1 department of water engineering, Razi University

2 Associated professor, Razi univercity, Kermanshah, Iran.

3 Department of water engineering, Razi University

Abstract

Background and Objectives: Proper design of technical and hydraulic parameters plays an essential role in the success of a pressurized irrigation or urban water distribution project and its economy. Therefore, engineers should be able to select the best solution in different stages in terms of design, construction, maintenance and operation according to the existing limitations and make the necessary decisions.The ultimate objective of such decisions is to minimize costs or maximize benefits by considering limitations.The objectives defined for each system may be different but it is certain that in today's engineering world, one-sided objectives are never defined.Today, meta-exploration optimization methods for the optimal design of irrigation and water supply networks have been considered.It is not possible to compare one-objective and two-objective methods in appearance. But in the two-objective method, one of the objectives is defined in such a way that it eventually goes to zero this comparison is possible.

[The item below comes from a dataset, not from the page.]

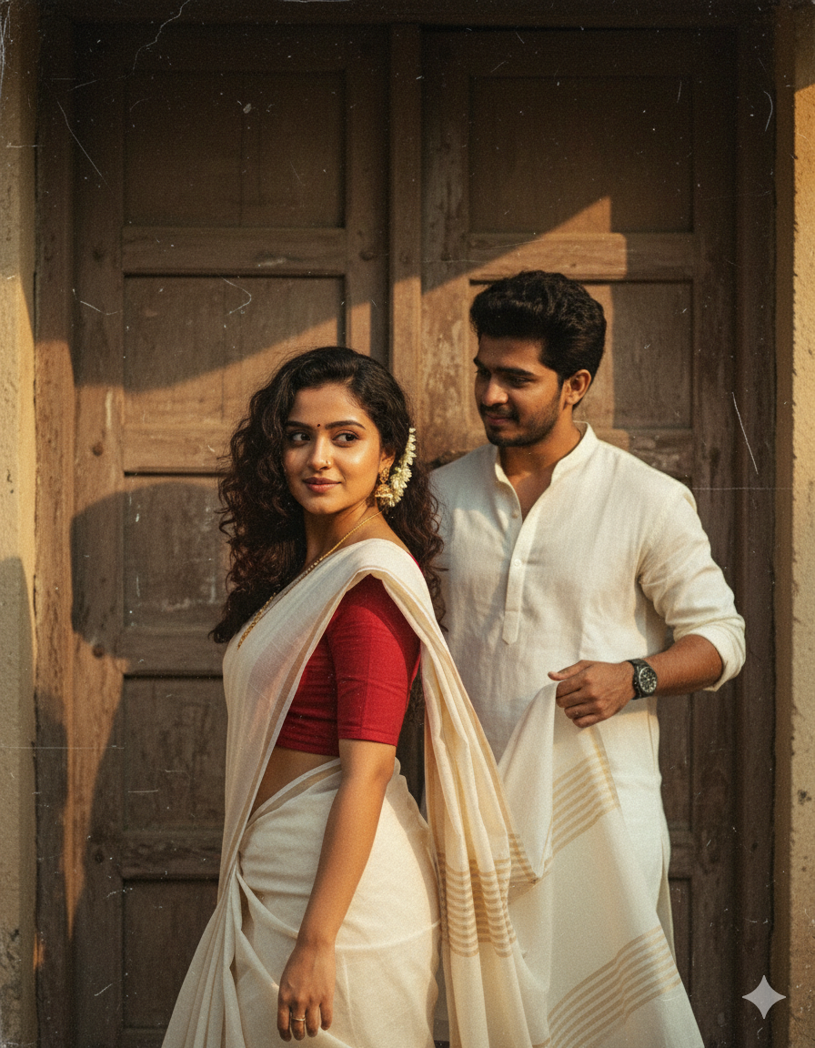 First ask me to upload my selfie. Then Create a retro, vintage - inspired image-grainy yet right- based on the reference picture Triea the google gemini as a couple The girl should be draped in a perfect Off white cotton saree With a red blouse. Pinterest styles aesthetic saree. The vibe must capture the essence of a 90s movie dark brown -haired baddie, enhanced by a windy, romantic atmosphere and the guy should be wearing an off white shirt kurta. She stands against an old wooden door, where deep shadows and dramatic contrast add mystery and artistry to the scene, creating a moody yet enchanting cinematic effect. Make the girl pose like she's walking and looking back while the guys is holding her saree pallu very evidently and the guy should be looking at the girl.

Materials and Methods: Hence in the present study, the optimal design of a pressurized network with one-objective binary genetic algorithm and two- objective NSGAII has been done.Genetic algorithm is a method that evaluates different designs through trial and error with analogy criteria and maintains the best designs and eventually achieves the proper design. Multi-objective optimization is a sub-branch of the MCDM multi-criteria decision-making set that takes place among an unlimited set of possible solutions. In such cases unlike single-objective optimization problems, due to the existence of several conflicting goals, a set of answers is obtained instead of just one answer. In order to compare the two methods in terms of accuracy of results and speed of calculations the second objective function in NSGA-II was defined as the sum of the pressure deficiencies in the network. Observance of minimum pressure constraints in the network causes the value of this objective function to reach zero and the results of the two methods are comparable. In order to analyze the network and obtain the pipe flow and pressure in the system nodes, the matrix shape of the gradient method was used. Computer code was developed for single-objective (GA) and multi-objective (NSGAII) optimization methods in VB programming environment. Also, the simulation code according to the matrix shape of the gradient method was prepared in this programming environment. Finally, All the codes were linked to each other.

Result: In order to validate the NSGA-II developed cod, its ability to solve several constrained and none- constrained multi-objective mathematical problems was proposed. The results showed that there is a very good agreement between the results of the present model and the results presented by previous researchers. In order to validate the genetic algorithm model, the model was used to solve the linear and nonlinear constrained optimizations problems that have analytical solutions. it has been shown that the results obtained from the model are exactly equal to the results of analytical solutions. After verifying the prepared codes from a programming point of view, a proposed two-loop network consisting of 7 pipes and 8 nodes whit one earth reservoir was designed with both GA and NSGA-II algorithms. The result showed, estimated cost of implementing the studied network by tow method was the same and with a difference of less than 1%, while the cost of calculations in NSGA-II method was estimated to be about 2% of the genetic algorithm method. That is, the time to reach the optimal answer in NSGA-II method is 50 times faster than GA method.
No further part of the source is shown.